Activity — Using the listing below, print exactly everything from the line with "گوشواره استیل نگین طلایی کد 12857" down to the line with "亚马逊跨境热卖时尚简约小众百搭十字架吊坠麻花链项链男女通用", both included, and nothing more.

Extracted entries —
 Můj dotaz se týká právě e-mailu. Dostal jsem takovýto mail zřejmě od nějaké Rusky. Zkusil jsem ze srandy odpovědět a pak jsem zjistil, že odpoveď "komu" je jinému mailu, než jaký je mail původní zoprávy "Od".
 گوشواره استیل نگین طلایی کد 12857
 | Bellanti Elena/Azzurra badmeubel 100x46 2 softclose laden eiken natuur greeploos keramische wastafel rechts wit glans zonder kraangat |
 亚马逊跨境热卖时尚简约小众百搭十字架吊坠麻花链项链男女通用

...

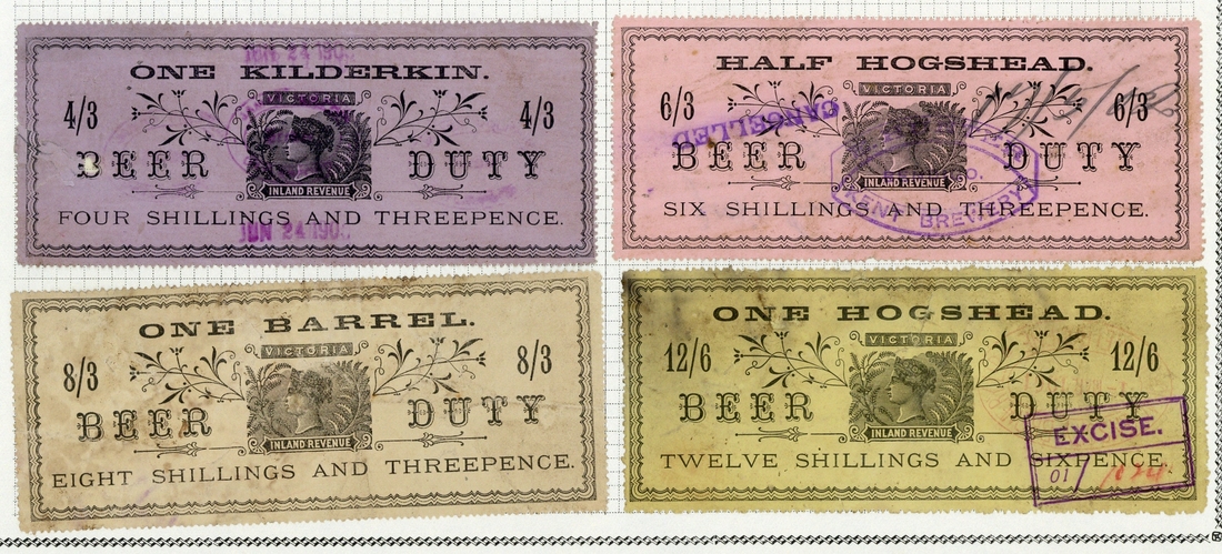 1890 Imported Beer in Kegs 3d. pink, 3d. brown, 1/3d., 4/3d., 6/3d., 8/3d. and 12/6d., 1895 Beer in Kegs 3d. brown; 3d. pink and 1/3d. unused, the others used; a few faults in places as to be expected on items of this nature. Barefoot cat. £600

Task response —
 گوشواره استیل نگین طلایی کد 12857
 | Bellanti Elena/Azzurra badmeubel 100x46 2 softclose laden eiken natuur greeploos keramische wastafel rechts wit glans zonder kraangat |
 亚马逊跨境热卖时尚简约小众百搭十字架吊坠麻花链项链男女通用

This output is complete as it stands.